● **Aim of the exercise**: Below are entries; repeat exactly, and nothing else, the lines from the one holding "rugged surface. |" through the one holding "- まあ仮に女子部のマネージャーやる男の子とかいたら", inclusive. Leave the pictures out.

● **Provided entries**:
######

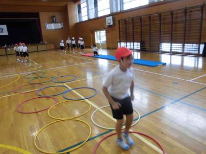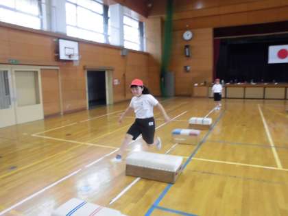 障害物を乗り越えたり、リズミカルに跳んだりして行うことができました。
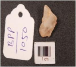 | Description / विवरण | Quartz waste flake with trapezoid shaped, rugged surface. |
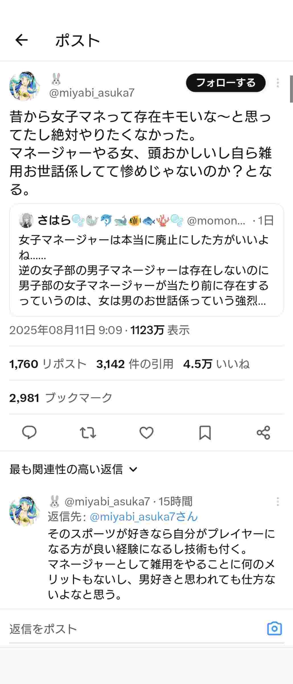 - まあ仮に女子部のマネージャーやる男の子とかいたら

######

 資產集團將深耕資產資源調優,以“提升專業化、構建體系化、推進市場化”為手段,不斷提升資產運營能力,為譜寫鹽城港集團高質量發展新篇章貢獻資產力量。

######

● **Task answer**:
 | Description / विवरण | Quartz waste flake with trapezoid shaped, rugged surface. |
 - まあ仮に女子部のマネージャーやる男の子とかいたら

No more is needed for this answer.